6-Chloroquinoxaline (cas: 5448-43-1) belongs to quinoxaline derivatives. Quinoxalines have received a significant amount of attention due to their potential use in fighting various pathophysiological conditions like epilepsy, Parkinson’s, and Alzheimer’s diseases. They are well-known for application in organic light emitting devices, polymers and pharmaceutical agents. The quinoxaline-containing polymers are applicable in optical devices due to their thermal stability and low band gap.COA of Formula: C8H5ClN2

Referemce:
Quinoxaline – Wikipedia,
Quinoxaline | C8H6N2 | ChemSpider

MOF-Derived Subnanometer Cobalt Catalyst for Selective C-H Oxidative Sulfonylation of Tetrahydroquinoxalines with Sodium Sulfinates was written by Xie, Feng;Lu, Guang-Peng;Xie, Rong;Chen, Qing-Hua;Jiang, Huan-Feng;Zhang, Min. And the article was included in ACS Catalysis in 2019.Category: quinoxaline This article mentions the following:

Cobalt supported on nitrogen-doped carbon was prepared by deposition of cobalt into ZIF-8 followed by pyrolysis and used as a catalyst for the aerobic oxidative sulfonylation of 1,2,3,4-tetrahydroquinoxalines with sodium sulfinates in the presence of NH₄I to yield arylsulfonylquinoxalines such as I (R = Ph, 4-MeC₆H₄, 4-MeOC₆H₄, 2-naphthyl, 2,4,6-Me₃C₆H₂, 4-FC₆H₄, 2-FC₆H₄, 4-ClC₆H₄, 4-BrC₆H₄, 4-F₃CC₆H₄, 3-pyridinyl, 2-thienyl, 8-quinolinyl, 3,5-dimethyl-4-isoxazolinyl, Me, Et, cyclopropyl). The supported cobalt catalyst was used six times with < 10% decrease in product yield. In the experiment, the researchers used many compounds, for example, 6-Chloroquinoxaline (cas: 5448-43-1Category: quinoxaline).

6-Chloroquinoxaline (cas: 5448-43-1) belongs to quinoxaline derivatives. Quinoxaline is isomeric with other naphthyridines including quinazoline, phthalazine and cinnoline.
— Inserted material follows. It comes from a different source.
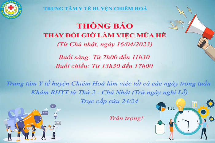 TRUNG TÂM Y TẾ HUYỆN CHIÊM HOÁ XIN THÔNG BÁO LỊCH LÀM VIỆC MÙA HÈ NHƯ SAU: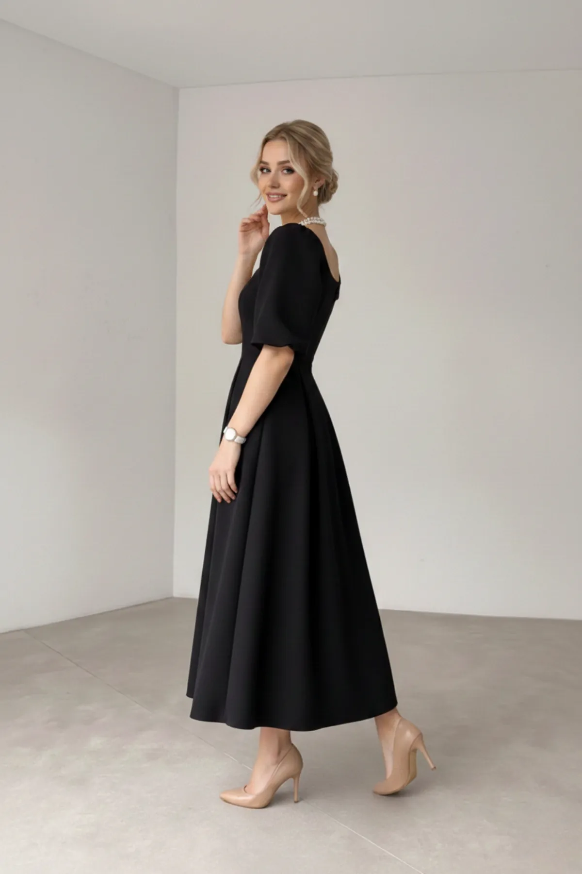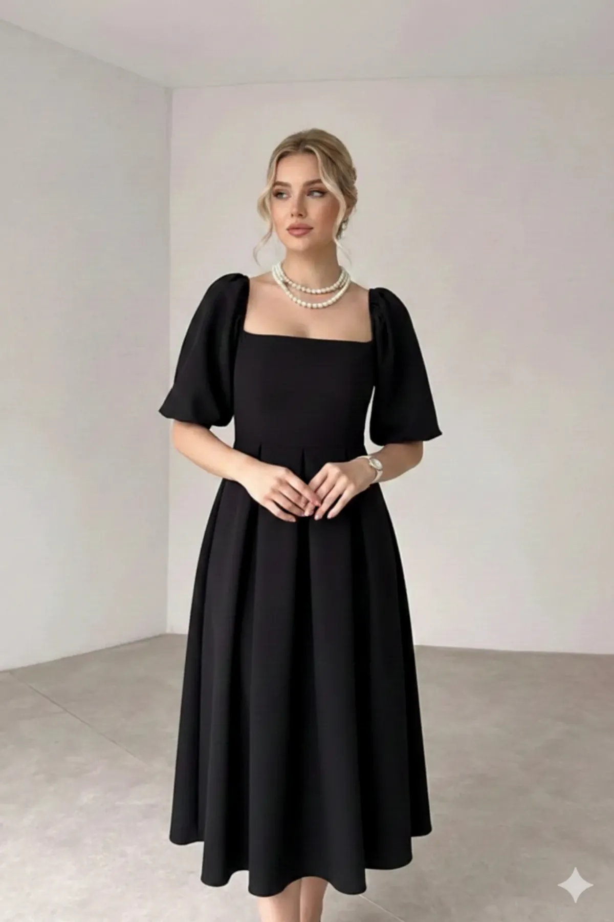 The KETHEN Kadın Krep Kumaş Balon Kol Pileli Kare Yaka Midi Boy Elbise

The antitumoral properties of quinoxaline compounds have been of interest. Recently, quinoxaline and its analogs have been investigated as the catalyst’s ligands.Category: quinoxaline

Referemce:
Quinoxaline – Wikipedia,
Quinoxaline | C8H6N2 | ChemSpider

Detection of glyoxal bound to protein by gas chromatography after derivatization to quinoxaline and its application for biological sample was written by Segawa, Toshiharu;Ueno, Hitoshi;Nakamuro, Katsuhiko;Sayato, Yasuyoshi. And the article was included in Japanese Journal of Toxicology and Environmental Health in 1992.SDS of cas: 5448-43-1 This article mentions the following:

The microdetermination method for glyoxal bound to proteins in biol. samples has been developed using GC with an electron capture detector. The treatment of the glyoxal-bound protein with 4-chloro-o-phenylenediamine gave its derivative, 6-chloroquinoxaline, showing the release of glyoxal from the protein. The use of metaphosphoric acid as a precipitant of the protein was suitable. The results from Sephadex G-25 gel chromatog. coupled with this microdetermination method indicated that glyoxal binds to bovine albumin. The amounts of glyoxal bound to the albumin, fetal bovine serum, and rat liver homogenate increased with an increase of glyoxal added. In the experiment, the researchers used many compounds, for example, 6-Chloroquinoxaline (cas: 5448-43-1SDS of cas: 5448-43-1).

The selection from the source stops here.